What is the essence of New Age spirituality? It is historic paganism. Two thousand years ago the Apostle Paul accurately described the only two religious options we have: “worship of creation” or “worship of the Creator” (Romans 1:25). This distinction is known in theology as the Creator/creature distinction. I have come to use the terms Oneism and Twoism to describe these options. Oneism is the worship of all things created and relies on belief that there are no ultimate distinctions. Twoism holds that distinctions are knitted into our existence, with the fundamental distinction being that between the creation and the Creator. From this “otherness” flow all the distinctions embedded in the creation.
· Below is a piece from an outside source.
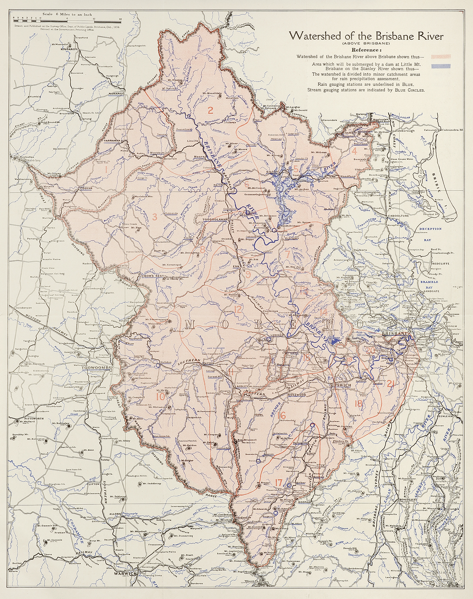 Detailed c.20th map showing the watershed around Brisbane in 1936.

Eastern Oneism’s popularity in the West has caused many Westerners raised on biblical Twoism to take up yoga, trust the enneagram, walk the labyrinth, practice mindfulness mediation or seek the philosophical meaning of life in the teachings and practices of Eastern Buddhism and Hinduism. Multiculturalism seeks to bring all ideas together but, alas, Oneism and Twoism are fundamentally opposed. It is this irreducible conflict that causes the major divisions of contemporary culture.
Pagan Cosmology
Pagan Spirituality
In the early stages of our culture’s newfound curiosity about Eastern religions, people were seeking to come to terms with their personal sense of meaning, but before long there came a yearning for a much fuller expression of this individualistic spirituality. The Jungian and Gnostic scholar, June Singer, made a programmatic statement that others have since put into practice: “What lies in store as we move towards the longed-for conjunction of the opposites [the joining of the opposites]?…Can the human psyche realize its own creative potential through building its own cosmology and supplying it with its own gods?” [emphasis mine].[4] Singer called for a coherent, all-encompassing, attractive and religiously pagan account of the nature of existence, which she saw as essentially one, based on androgynous sexuality. She realized that a cosmology or worldview would not function without an essential place for sexuality. She saw androgyny as a means of erasing distinctions and accomplishing “our own new alchemical opus.” She saw androgynous sexuality as being a “witness” to “primordial cosmic unity.”[5] Singer is a true Jungian, conscious of promoting the important sexual element in the coming “new humanism” that Carl Jung envisaged: “The androgyne [the human being aware of being both male and female] participates consciously in the evolutionary process, redesigning the individual…society and…the planet.”[6]